## [ACTIVITY]
Keep the pictures out, and restate the listing that follows exactly as written.

## [PROVIDED RECORDS]
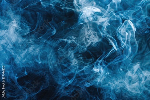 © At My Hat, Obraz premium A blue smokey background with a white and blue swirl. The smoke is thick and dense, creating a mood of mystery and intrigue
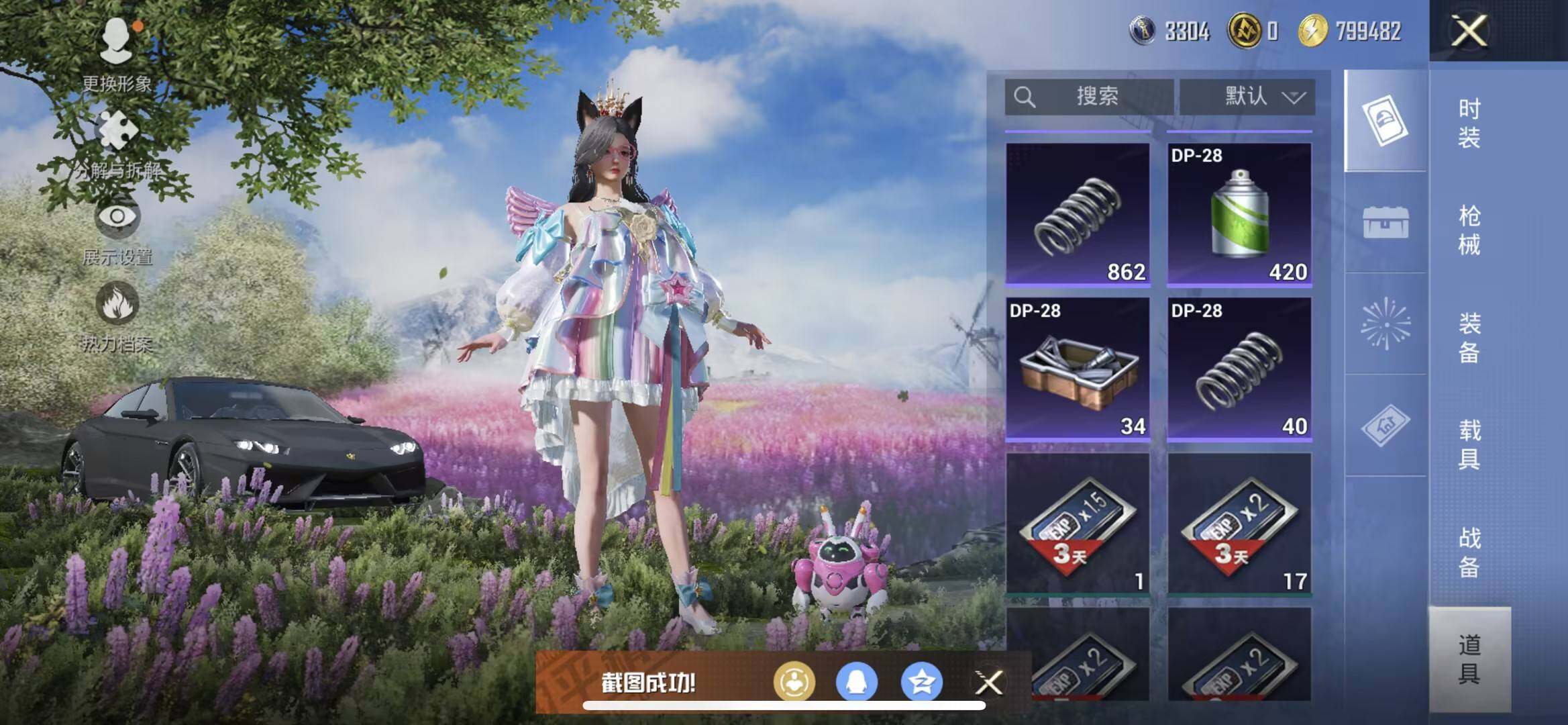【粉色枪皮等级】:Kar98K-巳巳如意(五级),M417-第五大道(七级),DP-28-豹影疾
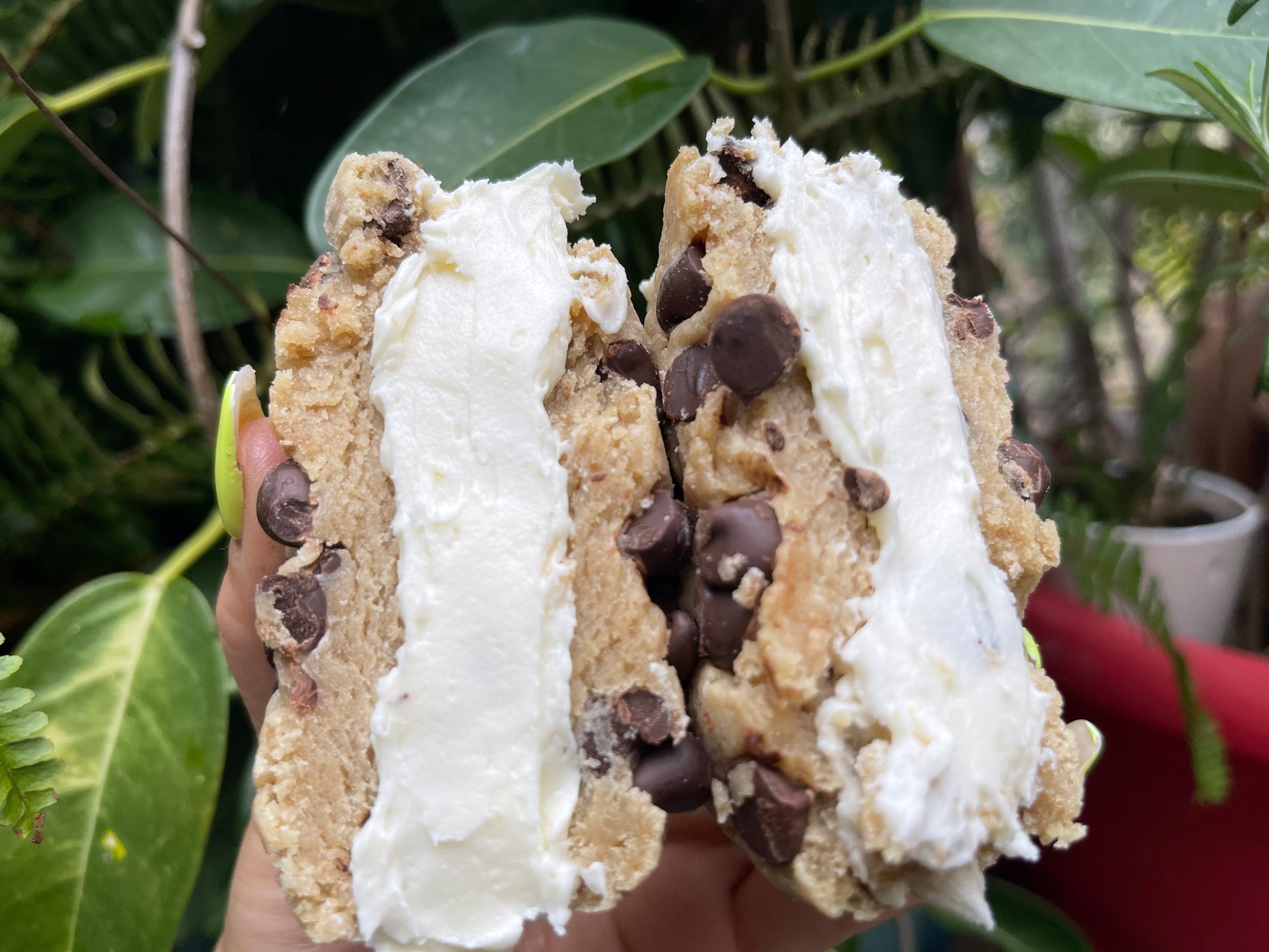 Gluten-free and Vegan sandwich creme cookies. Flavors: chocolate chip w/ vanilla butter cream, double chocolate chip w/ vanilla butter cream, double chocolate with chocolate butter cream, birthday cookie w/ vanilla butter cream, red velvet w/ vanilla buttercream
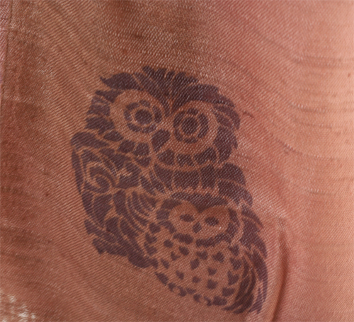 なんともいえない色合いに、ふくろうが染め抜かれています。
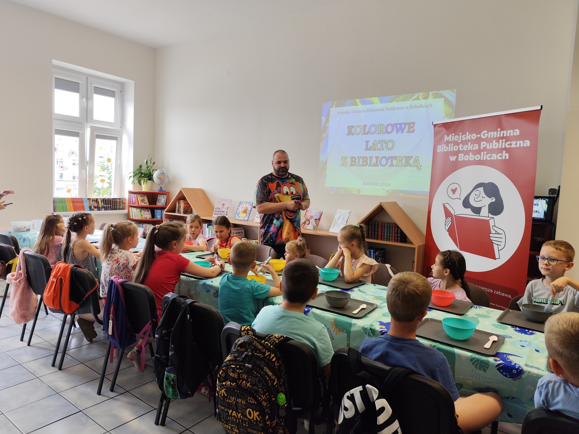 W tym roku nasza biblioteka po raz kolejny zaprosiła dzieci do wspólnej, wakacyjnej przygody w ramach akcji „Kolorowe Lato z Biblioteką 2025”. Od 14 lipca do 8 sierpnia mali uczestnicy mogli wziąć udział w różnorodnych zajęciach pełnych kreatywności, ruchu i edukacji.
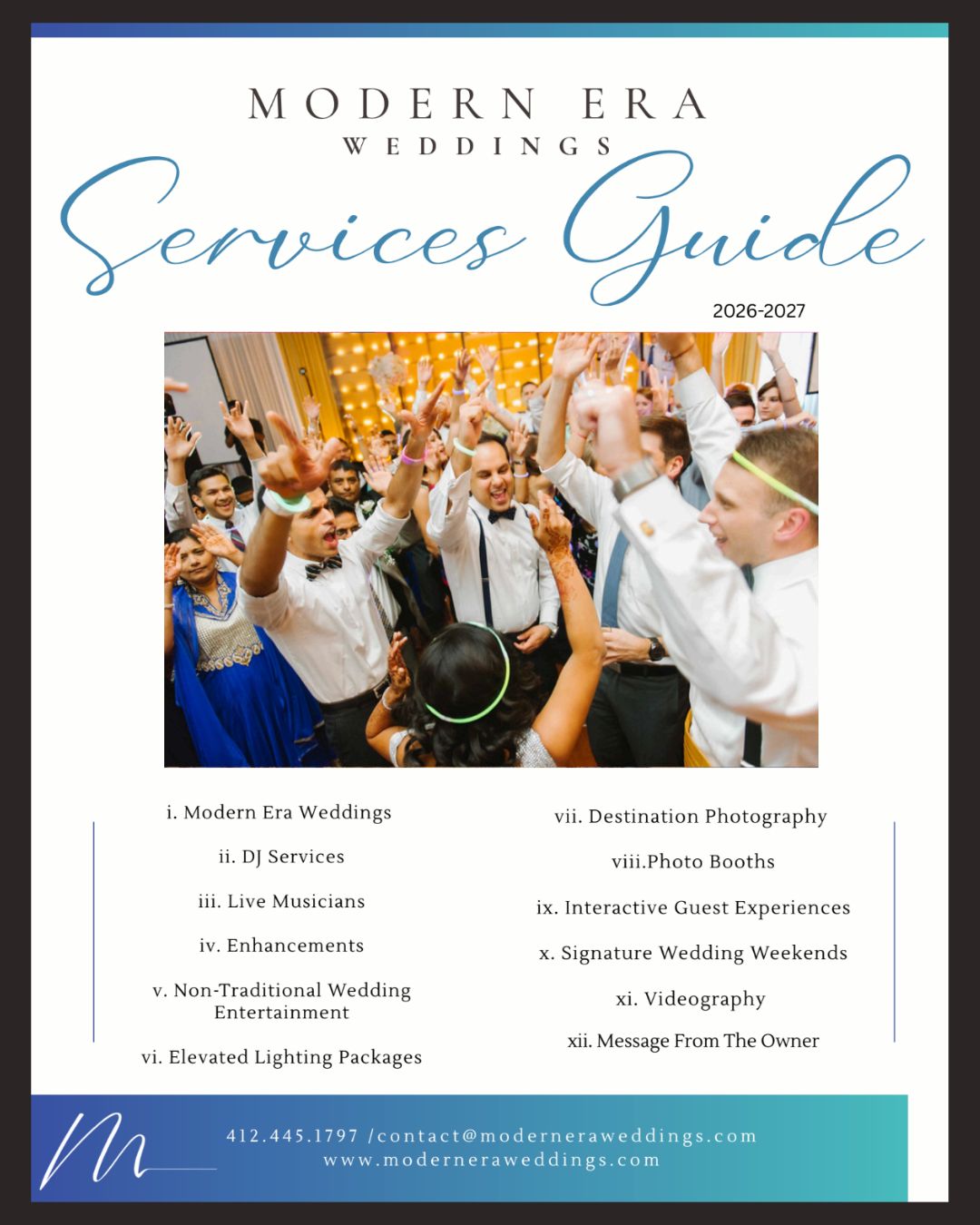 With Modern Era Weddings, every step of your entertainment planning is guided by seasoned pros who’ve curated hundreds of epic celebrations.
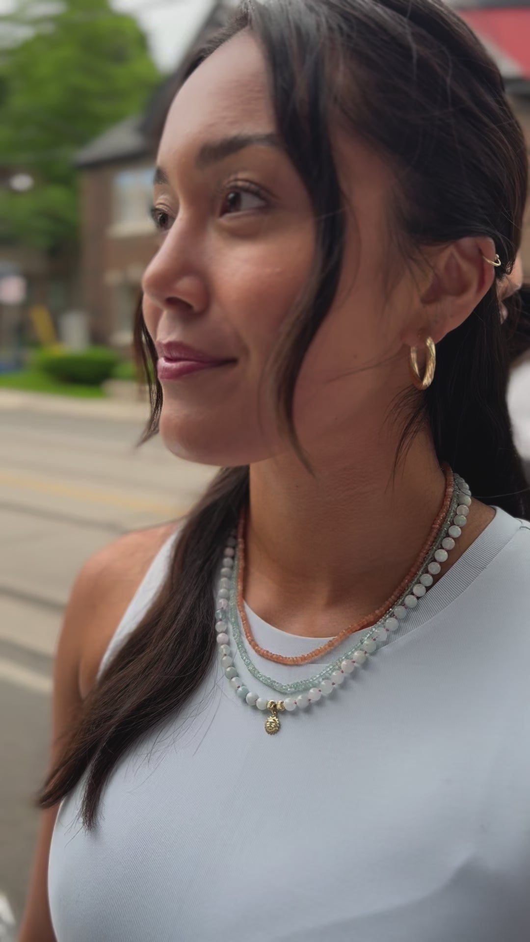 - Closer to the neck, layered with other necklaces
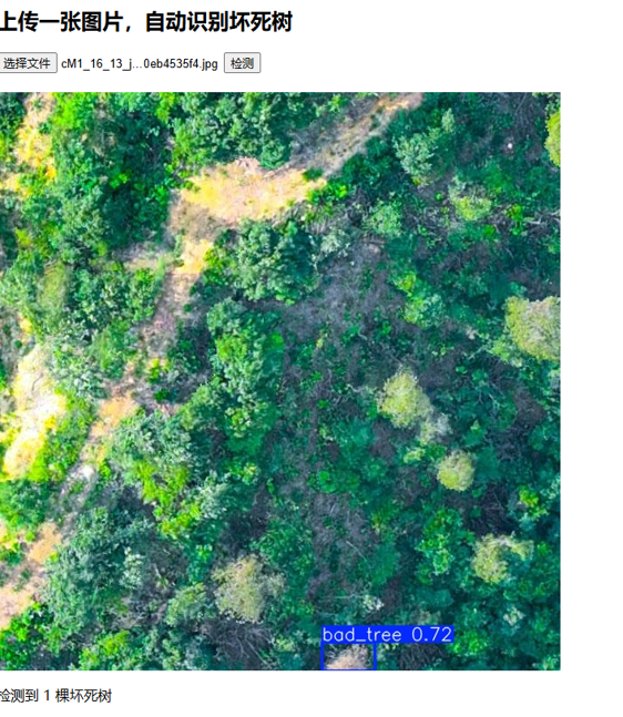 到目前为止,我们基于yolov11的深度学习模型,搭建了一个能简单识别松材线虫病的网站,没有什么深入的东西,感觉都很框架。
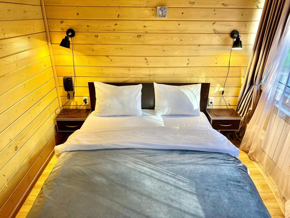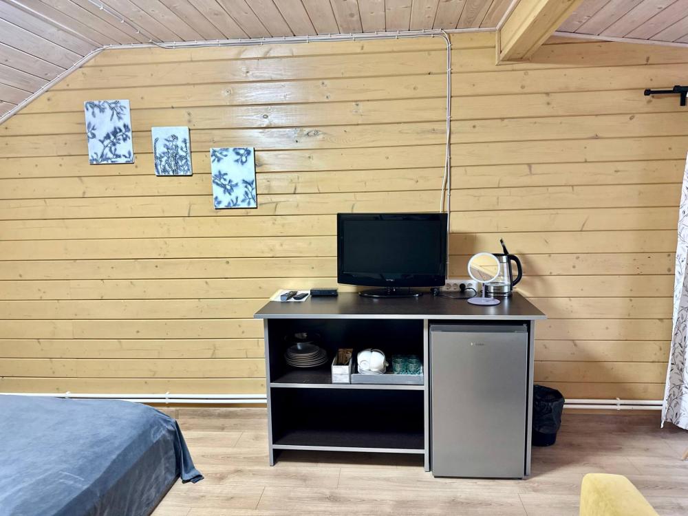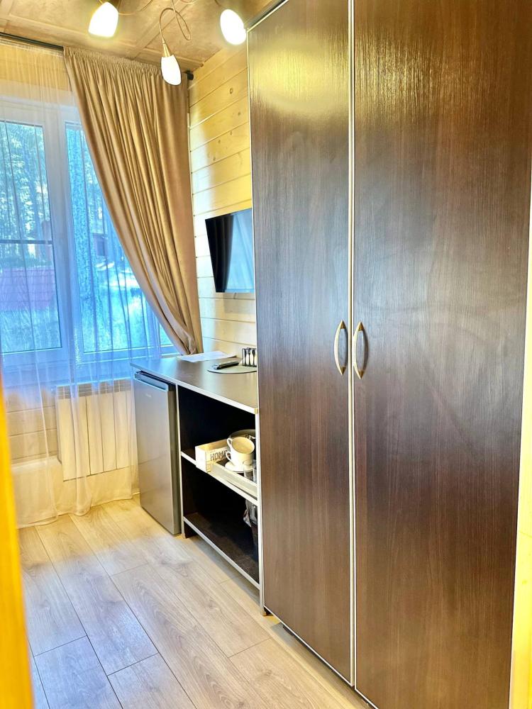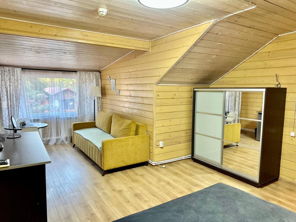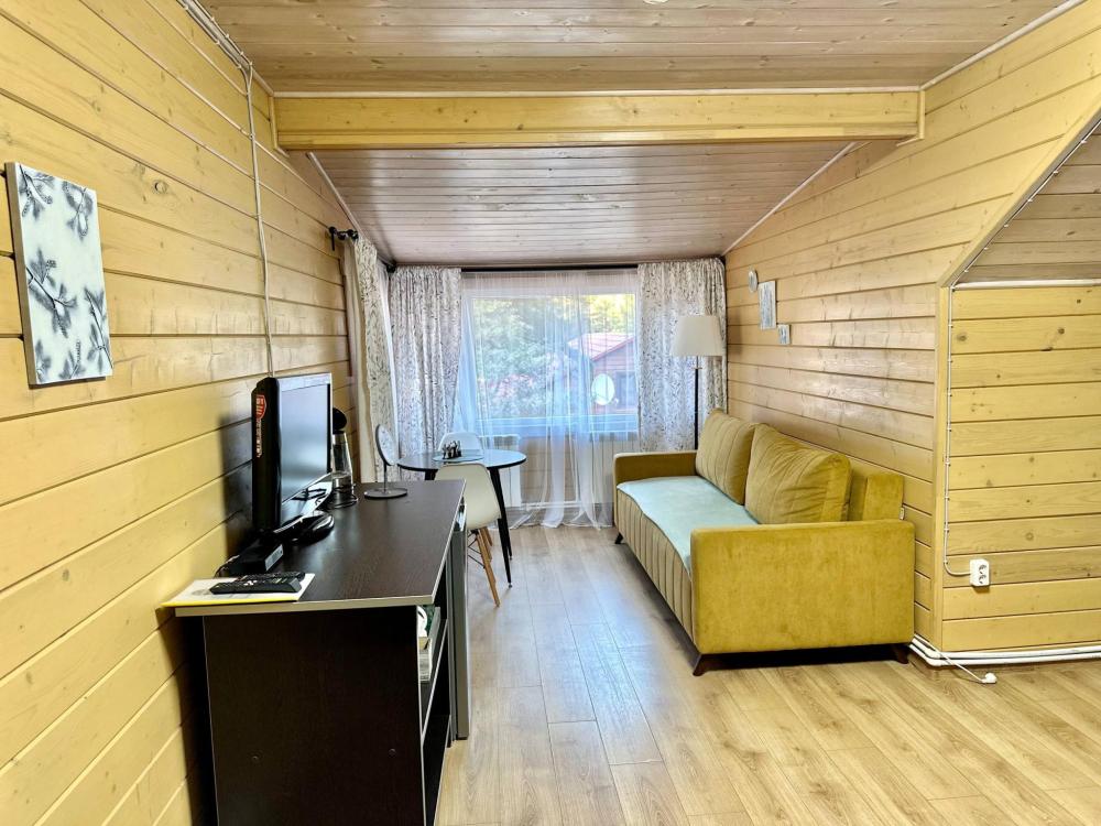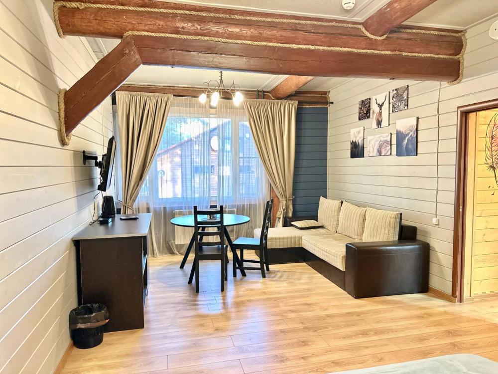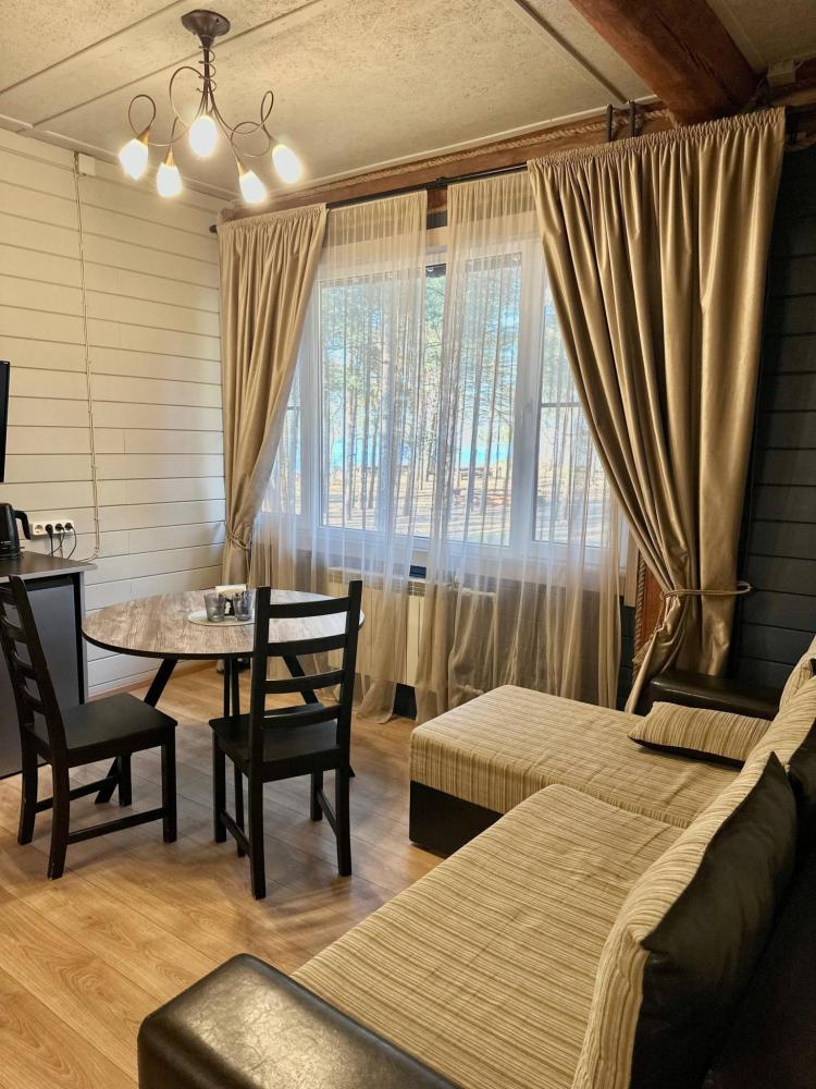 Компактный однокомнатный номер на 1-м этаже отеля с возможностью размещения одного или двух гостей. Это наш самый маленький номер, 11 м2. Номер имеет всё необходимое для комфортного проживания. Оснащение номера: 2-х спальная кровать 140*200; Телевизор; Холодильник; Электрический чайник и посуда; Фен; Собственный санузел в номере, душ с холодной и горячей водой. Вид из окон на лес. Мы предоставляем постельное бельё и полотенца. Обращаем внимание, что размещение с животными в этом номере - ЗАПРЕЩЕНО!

## [ANSWER TO THE PROBLEM]
 © At My Hat, Obraz premium A blue smokey background with a white and blue swirl. The smoke is thick and dense, creating a mood of mystery and intrigue
【粉色枪皮等级】:Kar98K-巳巳如意(五级),M417-第五大道(七级),DP-28-豹影疾
 Gluten-free and Vegan sandwich creme cookies. Flavors: chocolate chip w/ vanilla butter cream, double chocolate chip w/ vanilla butter cream, double chocolate with chocolate butter cream, birthday cookie w/ vanilla butter cream, red velvet w/ vanilla buttercream
 なんともいえない色合いに、ふくろうが染め抜かれています。
 W tym roku nasza biblioteka po raz kolejny zaprosiła dzieci do wspólnej, wakacyjnej przygody w ramach akcji „Kolorowe Lato z Biblioteką 2025”. Od 14 lipca do 8 sierpnia mali uczestnicy mogli wziąć udział w różnorodnych zajęciach pełnych kreatywności, ruchu i edukacji.
 With Modern Era Weddings, every step of your entertainment planning is guided by seasoned pros who’ve curated hundreds of epic celebrations.
 - Closer to the neck, layered with other necklaces
 到目前为止,我们基于yolov11的深度学习模型,搭建了一个能简单识别松材线虫病的网站,没有什么深入的东西,感觉都很框架。
 Компактный однокомнатный номер на 1-м этаже отеля с возможностью размещения одного или двух гостей. Это наш самый маленький номер, 11 м2. Номер имеет всё необходимое для комфортного проживания. Оснащение номера: 2-х спальная кровать 140*200; Телевизор; Холодильник; Электрический чайник и посуда; Фен; Собственный санузел в номере, душ с холодной и горячей водой. Вид из окон на лес. Мы предоставляем постельное бельё и полотенца. Обращаем внимание, что размещение с животными в этом номере - ЗАПРЕЩЕНО!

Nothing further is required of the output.